How do you find the Limit of #[(sin x) * (sin^2 x)] / [1 -( cos x)]# as x approaches 0?

1 Answer
Jun 20, 2016

Perform some conjugate multiplication and simplify to get #lim_(x->0)(sinx*sin^2x)/(1-cosx)=0#

Explanation:

Direct substitution produces indeterminate form #0/0#, so we'll have to try something else.

Try multiplying #(sinx*sin^2x)/(1-cosx)# by #(1+cosx)/(1+cosx)#:
#(sinx*sin^2x)/(1-cosx)*(1+cosx)/(1+cosx)#

#=(sinx*sin^2x(1+cosx))/((1-cosx)(1+cosx))#

#=(sinx*sin^2x(1+cosx))/(1-cos^2x)#

This technique is known as conjugate multiplication, and it works nearly every time.
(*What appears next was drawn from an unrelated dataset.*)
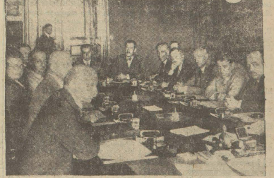
Balkan konferansının İstanbul hazırlık içtimalarından

The idea is to use the difference of squares property #(a-b)(a+b)=a^2-b^2# to simplify either the numerator or denominator (in this case the denominator).
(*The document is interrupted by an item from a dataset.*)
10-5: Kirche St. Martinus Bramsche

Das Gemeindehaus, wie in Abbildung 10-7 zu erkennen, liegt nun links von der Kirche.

Recall that #sin^2x+cos^2x=1#, or #sin^2x=1-cos^2x#. We can therefore replace the denominator, which is #1-cos^2x#, with #sin^2x#:
#((sinx)(sin^2x)(1+cosx))/(sin^2x)#

Now the #sin^2x# cancels:
#((sinx)(cancel(sin^2x))(1+cosx))/(cancel(sin^2x))#
#=(sinx)(1+cosx)#

Finish by taking the limit of this expression:
#lim_(x->0)(sinx)(1+cosx)#
#=lim_(x->0)(sinx)lim_(x->0)(1+cosx)#
#=(0)(2)#
#=0#